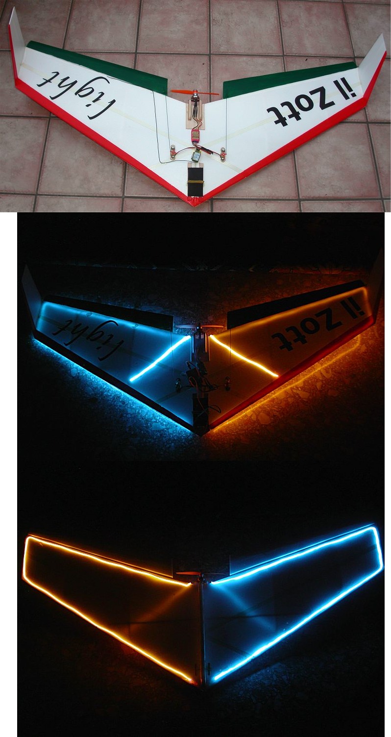 ma voi l'avete mai fatto? non è cosi facile tener su un modello di notte... ho fatto diversi modelli da far volare la sera e incasinarsi è facile, sopratutto capire che l'areo sta picchiando ( anche poco) non è cosi semplice. serve sopratutto un modello facile da far volare ma sopratutto che conoscete benissimo come vola, ho volato sia con il photo-one (trovate il progettosul sito) che con uno schiumino classico. Sul primo avevo messo dei led alla fine delle ali , uno in coda e uno davanti, mentre con lo schiumino avevo utilizzato i tubetti luminosi messi intorno alle ali, cosi avevo una freccia illuminata, com quello era più facile volare. foto: http://www.ilzott.it/antani/led.jpg http://www.ilzott.it/antani/neon.jpg Ciaooooo |
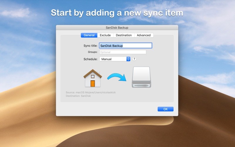 You can create as many sync items as you need and customize each one individually. A sync item mainly consists of two folders: a source and a destination. You can choose any two folders reachable in the Finder: they can be located on your Mac, on an external drive, like a USB stick, or even on a remote server. Among the possible options you will find:
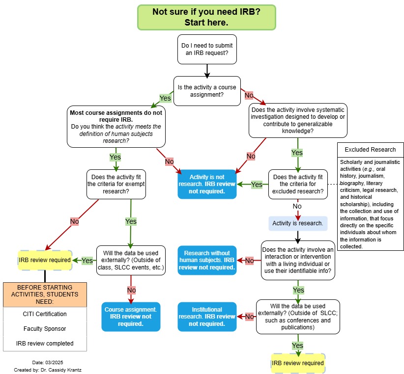 In addition to the request process, surveys for research involving human subjects must be reviewed by SLCC’s Institutional Review Board (IRB). For more information about the process of obtaining IRB approval or exemption for a survey See Institutional Review Board | SLCC. If you are unsure about whether your survey involves human subjects research or about needing IRB approval, this flowchart was created to help.
□ □ □ □ □ □ □
Would you retype all the material above exactly, apart from its pictures?

- RESPONSE FOR THIS EXERCISE:
 ma voi l'avete mai fatto? non è cosi facile tener su un modello di notte... ho fatto diversi modelli da far volare la sera e incasinarsi è facile, sopratutto capire che l'areo sta picchiando ( anche poco) non è cosi semplice. serve sopratutto un modello facile da far volare ma sopratutto che conoscete benissimo come vola, ho volato sia con il photo-one (trovate il progettosul sito) che con uno schiumino classico. Sul primo avevo messo dei led alla fine delle ali , uno in coda e uno davanti, mentre con lo schiumino avevo utilizzato i tubetti luminosi messi intorno alle ali, cosi avevo una freccia illuminata, com quello era più facile volare. foto: http://www.ilzott.it/antani/led.jpg http://www.ilzott.it/antani/neon.jpg Ciaooooo |
 You can create as many sync items as you need and customize each one individually. A sync item mainly consists of two folders: a source and a destination. You can choose any two folders reachable in the Finder: they can be located on your Mac, on an external drive, like a USB stick, or even on a remote server. Among the possible options you will find:
 In addition to the request process, surveys for research involving human subjects must be reviewed by SLCC’s Institutional Review Board (IRB). For more information about the process of obtaining IRB approval or exemption for a survey See Institutional Review Board | SLCC. If you are unsure about whether your survey involves human subjects research or about needing IRB approval, this flowchart was created to help.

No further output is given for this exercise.